Pour vivre heureux, vivons fâchés, comme disent mes parents mariés depuis trente-quatre ans, qui fêtent cette année leurs noces de catch. La dispute, c’est le ciment du couple : c’est l’occasion de vider son sac, qu’il ait le format d’un clutch ou d’une hotte, ça prouve qu’on a du caractère l’un comme l’autre, ça secoue la routine et puis rien que pour se réconcilie­r sur l’oreiller, ça vaut le coup (de gueule, puis de reins).
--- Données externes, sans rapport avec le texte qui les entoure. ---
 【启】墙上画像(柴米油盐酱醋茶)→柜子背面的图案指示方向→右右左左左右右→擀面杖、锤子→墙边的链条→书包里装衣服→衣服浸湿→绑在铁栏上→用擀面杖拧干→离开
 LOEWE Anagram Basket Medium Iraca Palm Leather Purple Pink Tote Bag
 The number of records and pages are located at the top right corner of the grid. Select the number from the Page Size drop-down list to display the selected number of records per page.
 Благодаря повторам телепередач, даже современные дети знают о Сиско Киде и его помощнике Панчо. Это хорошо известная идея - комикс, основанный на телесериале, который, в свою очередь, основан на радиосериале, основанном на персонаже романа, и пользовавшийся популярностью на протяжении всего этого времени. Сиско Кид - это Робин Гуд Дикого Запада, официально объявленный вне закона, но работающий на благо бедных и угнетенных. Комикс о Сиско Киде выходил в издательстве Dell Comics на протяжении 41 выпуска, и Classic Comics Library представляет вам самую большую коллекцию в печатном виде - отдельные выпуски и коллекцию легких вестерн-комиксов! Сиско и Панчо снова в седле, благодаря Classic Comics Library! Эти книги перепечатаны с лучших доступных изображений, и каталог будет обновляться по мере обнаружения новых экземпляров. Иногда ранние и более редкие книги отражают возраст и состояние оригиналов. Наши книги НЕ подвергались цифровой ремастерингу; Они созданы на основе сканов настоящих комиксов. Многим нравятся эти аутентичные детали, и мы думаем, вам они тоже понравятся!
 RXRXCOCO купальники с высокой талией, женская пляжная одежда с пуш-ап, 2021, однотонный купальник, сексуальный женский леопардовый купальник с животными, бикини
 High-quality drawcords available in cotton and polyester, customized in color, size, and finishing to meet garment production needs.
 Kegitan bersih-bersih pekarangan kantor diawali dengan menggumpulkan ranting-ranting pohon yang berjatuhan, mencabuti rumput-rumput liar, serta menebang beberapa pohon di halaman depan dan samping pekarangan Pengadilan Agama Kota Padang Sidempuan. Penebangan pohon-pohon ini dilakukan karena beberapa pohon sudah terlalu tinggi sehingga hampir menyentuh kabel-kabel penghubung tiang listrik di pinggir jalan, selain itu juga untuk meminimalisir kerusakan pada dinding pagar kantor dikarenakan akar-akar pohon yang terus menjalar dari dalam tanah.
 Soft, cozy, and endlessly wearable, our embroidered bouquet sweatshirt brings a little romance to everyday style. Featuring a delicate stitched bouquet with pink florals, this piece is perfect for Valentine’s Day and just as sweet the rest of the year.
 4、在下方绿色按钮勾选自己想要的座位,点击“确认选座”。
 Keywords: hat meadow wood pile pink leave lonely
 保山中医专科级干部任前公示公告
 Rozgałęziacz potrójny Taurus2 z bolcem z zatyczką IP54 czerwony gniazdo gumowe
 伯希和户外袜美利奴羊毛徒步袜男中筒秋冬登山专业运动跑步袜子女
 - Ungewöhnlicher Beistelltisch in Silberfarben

Alors qu’en fait… Tout dépend de la nature de la dispute, car il y en a des bonnes et des mauvaises. Une bonne dispute fait avancer la relation, tandis qu’une mauvaise dispute est un rapport de force dont l’enjeu est de déterminer qui a raison au détriment de l’autre. Par ailleurs, si le fait de se crêper le bun de temps en temps n’est pas grave, le fait de ne jamais s’engueuler n’est pas grave non plus, contrairem­ent à un mythe contempora­in là encore paradoxal : « Il y a 40 ans, les conflits étaient une menace pour le couple, aujourd’hui c’est l’inverse : quand c’est trop calme, c’est forcément suspect, ironise Myriam. Mes amies me prennent pour un ovni – ou pour un bulot – parce que je n’ai jamais de crise de couple à leur raconter. Mais l’important, ce n’est pas de s’engueuler, c’est de communique­r ! Or on n’est pas obligés de se crier dessus pour mettre certaines choses à plat : nous, quand on a quelque chose à se dire, on se parle, on ne hurle pas. Et ça fait six ans que ça fonctionne très bien. »

Un enfant n’est pas une assurance vie conjugale, c’est un projet commun… parmi d’autres, qui ne sont ni plus ni moins légitimes.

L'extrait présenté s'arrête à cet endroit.